Karen Johnston (J.D. ’08) comes from a long line of engineers. Her father and grandfather were engineers and they passed on to her a love of science and nature. They also taught her the art of problem-solving and developing creative solutions, both essential to the field of engineering. It’s something that stays with her as associate director of the Georgia State University College of Law Center for the Study of Metropolitan Growth.
“I grew up seeing the Exxon Valdez spill and baby birds being scrubbed with Dawn dish soap on the news,” Johnston said. “Those are powerful images when you’re a child. I remember that very vividly and it launched my interest in protecting the environment.”
Johnston, who grew up in Richmond, Va., came to law after working as an environmental engineer, but her interest in the law arose while she was pursuing a graduate degree in engineering. As a student at Virginia Tech, she worked on a research project, investigating the impact of copper-based pesticides applied to tomato fields on nearby estuaries and aquatic life. She was hooked after meeting the owner of a clam aquaculture facility whose operations had been nearly wiped out from polluted intake water.
After graduate school, she worked as an engineer for four years before moving to Atlanta. After leaving engineering, she started at The Home Depot doing sustainability and regulatory compliance work. Her interest in law deepened, and she enrolled in the part-time program at the College of Law. While there, she learned about the new Center for the Comparative Study of Metropolitan Growth and was excited to see a job posting for the center a few years after graduating.
Johnston has worked for the center for the last 10 years. In the center, she helps oversee the Urban Fellows program, is managing editor for the Journal of Urban Law & Policy, and collaborates with students on research projects related to environmental and land use law. In her time at the College of Law, Johnston has worked on projects for a wide range of organizations, including the Georgia Department of Transportation, UN-Habitat and Natural Hazards Center.

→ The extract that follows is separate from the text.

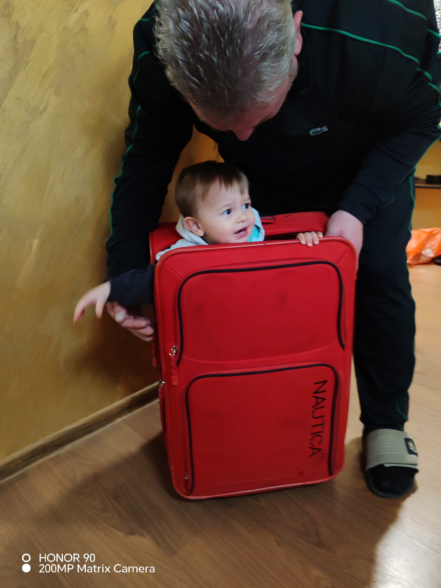 A man is putting a baby into a red suitcase labeled "NAUTICA". The man is wearing a black track suit with green stripes and black sandals with a grey band. The baby is fair-skinned and wearing a light blue and grey sweatshirt. They are standing on a brown wooden floor in front of a tan wall. The location is unknown.

“I love working with students on research projects and developing creative solutions for real world problems,” Johnston said. “I enjoy finding practical solutions and helping to develop policies that can be implemented today.”

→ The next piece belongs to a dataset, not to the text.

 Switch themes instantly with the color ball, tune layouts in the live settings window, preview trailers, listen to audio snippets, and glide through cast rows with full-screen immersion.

Right now, Johnston’s focus is on transportation. She wants more walkable and bikeable cities so that people can get where they’re going in a safe, affordable and environmentally friendly way. She is especially interested in how micromobility—e-scooters and bikes—might connect with public transit systems in order to make commuting easier and more accessible. She is also interested in how micromobility regulations can be better crafted to promote equitable access.

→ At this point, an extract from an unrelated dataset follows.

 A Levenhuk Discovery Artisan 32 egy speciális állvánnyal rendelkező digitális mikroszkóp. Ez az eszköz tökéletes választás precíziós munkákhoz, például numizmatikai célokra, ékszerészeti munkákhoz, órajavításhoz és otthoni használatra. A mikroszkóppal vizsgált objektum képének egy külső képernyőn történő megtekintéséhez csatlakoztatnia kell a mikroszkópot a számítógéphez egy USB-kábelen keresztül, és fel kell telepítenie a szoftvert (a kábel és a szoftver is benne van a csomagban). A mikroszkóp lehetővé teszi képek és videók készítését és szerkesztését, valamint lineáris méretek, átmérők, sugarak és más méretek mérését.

“Recently, I have been looking at the impact of COVID-19 on public transit ridership, talking to riders and bus operators about mask usage and compliance, other COVID safety measures, and the impact of service changes,” Johnston said. “Public transit provides an important service and ensuring it’s continued availability and accessibility is important to communities.”
Because of the center’s global perspective, Johnston has been able to get an international view of how countries across the world are dealing with these issues. In the annual Study Space Workshop, attorneys, scholars, city planners and government officials gather in a different city to brainstorm solutions to a variety of urban issues. They have traveled to Brazil, Singapore, South Africa, Spain, Poland, France, Turkey and Portugal to look for sustainable solutions to housing, development, transportation and climate change.
“For the most part, cities face the same challenges,” Johnston said. “We’re not dealing with these environmental and housing issues in the U.S. by ourselves. We can all learn from each other and this knowledge sharing worldwide is beneficial.”